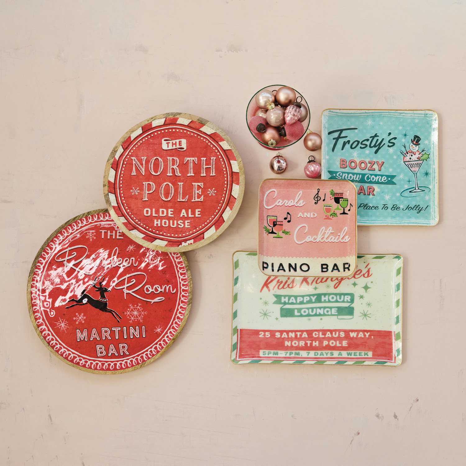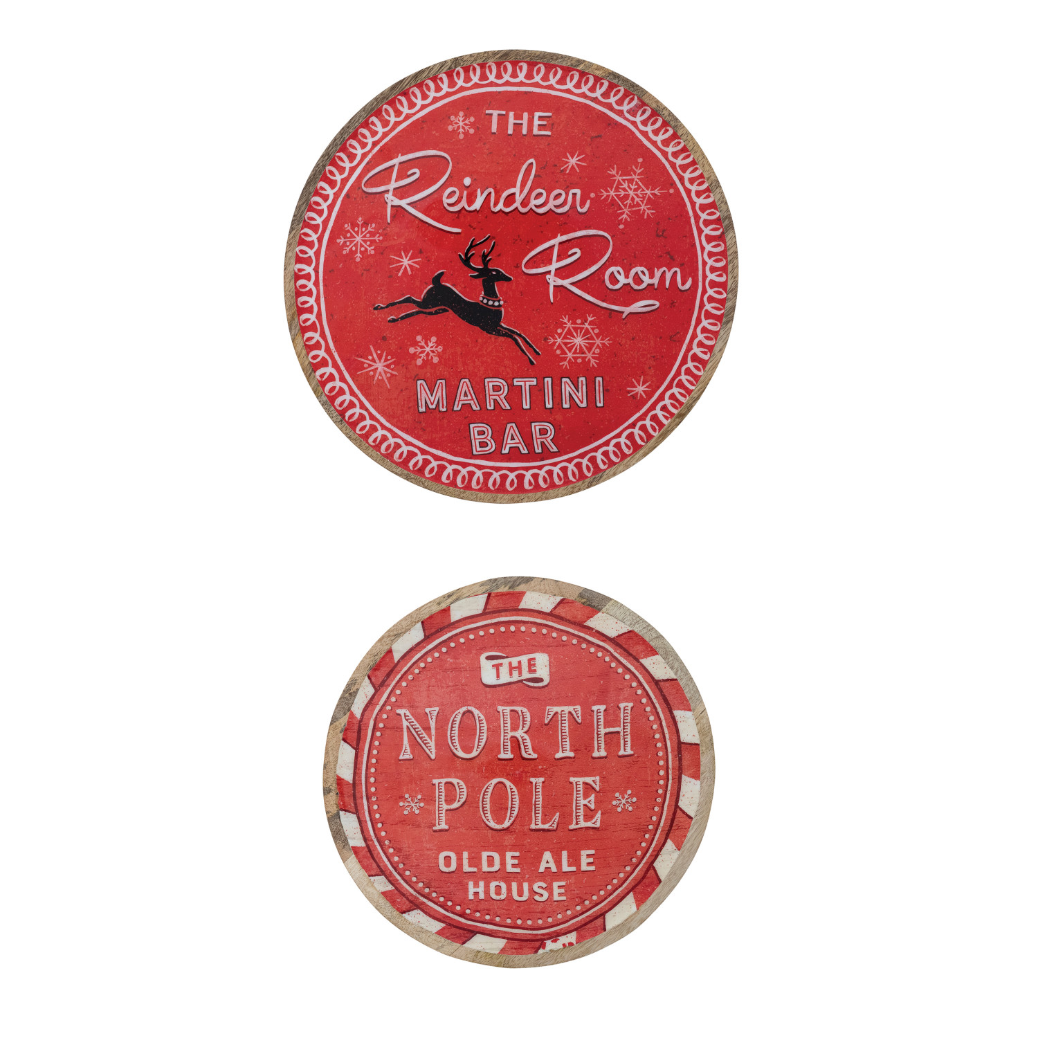 Round Enameled Mango Wood Trays with Holiday Bar Sayings, Red & Natural, Set of 2 ©
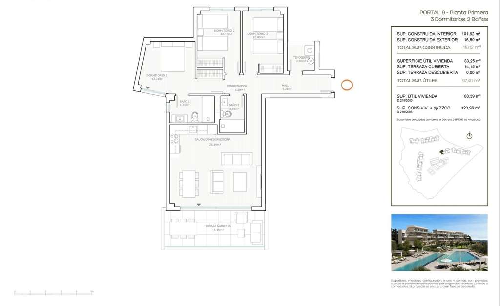Este nuevo proyecto residencial en Mijas, Málaga, ofrece 120 elegantes apartamentos de 1, 2 o 3 dormitorios, cuidadosamente diseñados para proporcionar el máximo confort y un estilo de vida moderno. Construida en una amplia parcela de 31 000 m², la comunidad está rodeada de jardines paisajísticos, lo que crea un entorno tranquilo y verde. Su elevada ubicación en una ladera garantiza unas espectaculares vistas de 180 grados al mar, lo que la convierte en un lugar ideal para disfrutar del clima mediterráneo durante todo el año.
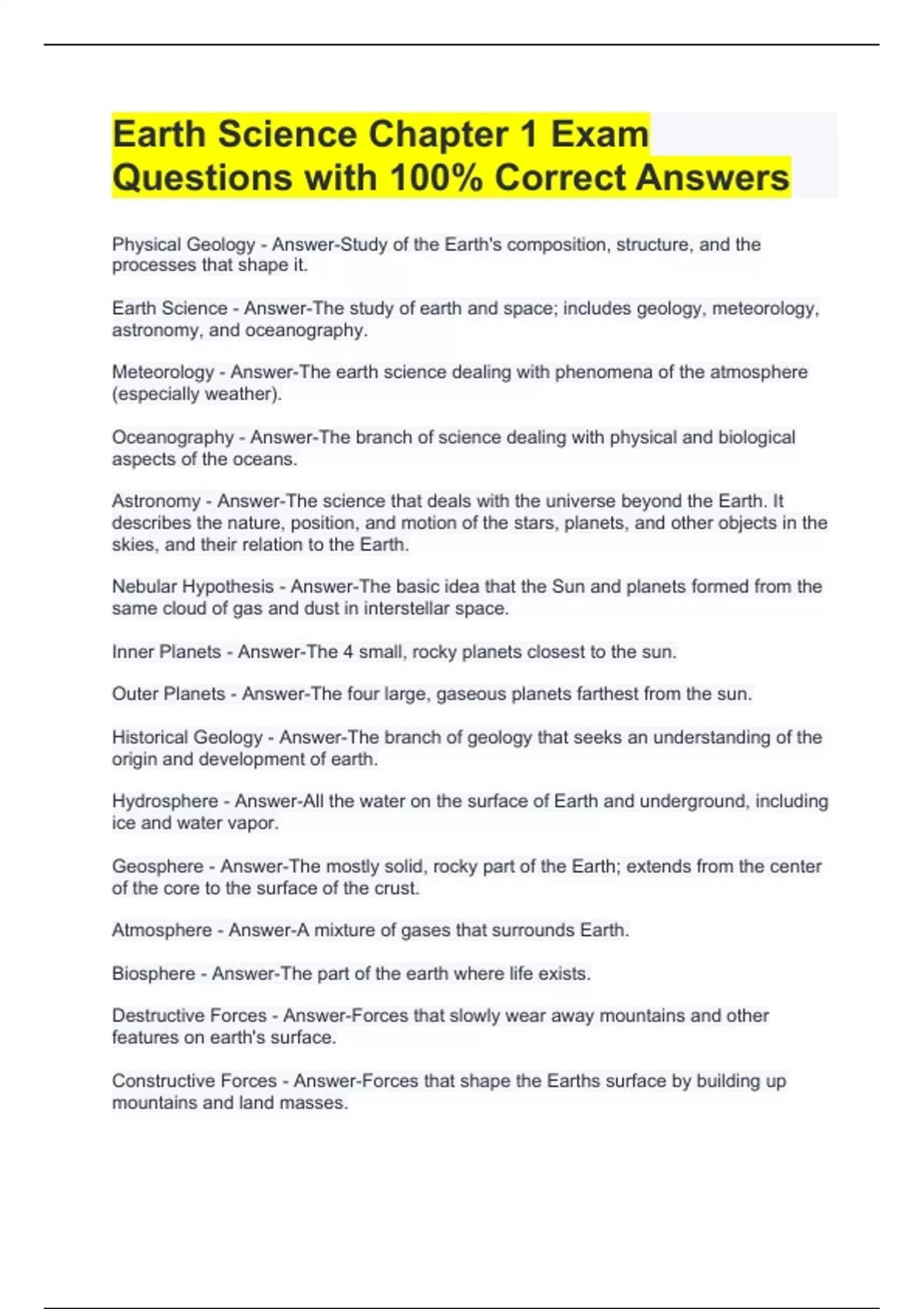 Earth Science Chapter 1 Exam Questions with 100% Correct Answers Physical Geology - Answer-Study of the Earth's composition, structure, and the processes that shape it. Earth Science - Answer-The study of earth and space; includes geology, meteorology, astronomy, and oceanography. Meteorology - Answer-The earth science dealing with phenomena of the atmosphere (especially weather). Oceanography - Answer-The branch of science dealing with physical and biological aspects of the oceans. Astronomy - Answer-The science that deals with the universe beyond the Earth. It describes the nature, position, and motion of the stars, planets, and other objects in the skies, and their relation to the Earth. Nebular Hypothesis - Answer-The basic idea that the Sun and planets formed from the same cloud of gas and dust in interstellar space. Inner Planets - Answer-The 4 small, rocky planets closest to the sun. Outer Planets - Answer-The four large, gaseous planets farthest from the sun. Historical Geology - Answer-The branch of geology that seeks an understanding of the origin and development of earth. Hydrosphere - Answer-All the water on the surface of Earth and underground, including ice and water vapor. Geosphere - Answer-The mostly solid, rocky part of the Earth; extends from the center of the core to the surface of the crust. Atmosphere - Answer-A mixture of gases that surrounds Earth. Biosphere - Answer-The part of the earth where life exists. Destructive Forces - Answer-Forces that slowly wear away mountains and other features on earth's surface. Constructive Forces - Answer-Forces that shape the Earths surface by building up mountains and land masses. Plate Tectonics - Answer-The theory that explains how large pieces of the lithosphere, called plates, move and change shape. Latitude - Answer-Distance north or south of the Equator, measured in degrees. Longitude - Answer-Distance east or west of the prime meridian, measured in degrees.
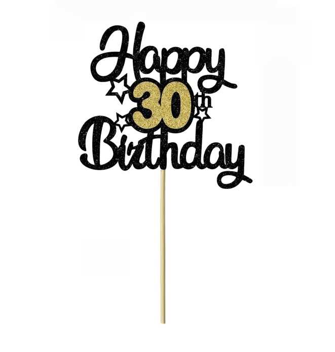 Topper na ciasto, tort Happy Birthday 30 urodziny, błyszczący

* * * * *

EXERCISE —
Pictures stay out. Repeat only the lines from the beginning of the data through the line that has "Este nuevo proyecto".

YOUR RESPONSE —
 Round Enameled Mango Wood Trays with Holiday Bar Sayings, Red & Natural, Set of 2 ©
Este nuevo proyecto residencial en Mijas, Málaga, ofrece 120 elegantes apartamentos de 1, 2 o 3 dormitorios, cuidadosamente diseñados para proporcionar el máximo confort y un estilo de vida moderno. Construida en una amplia parcela de 31 000 m², la comunidad está rodeada de jardines paisajísticos, lo que crea un entorno tranquilo y verde. Su elevada ubicación en una ladera garantiza unas espectaculares vistas de 180 grados al mar, lo que la convierte en un lugar ideal para disfrutar del clima mediterráneo durante todo el año.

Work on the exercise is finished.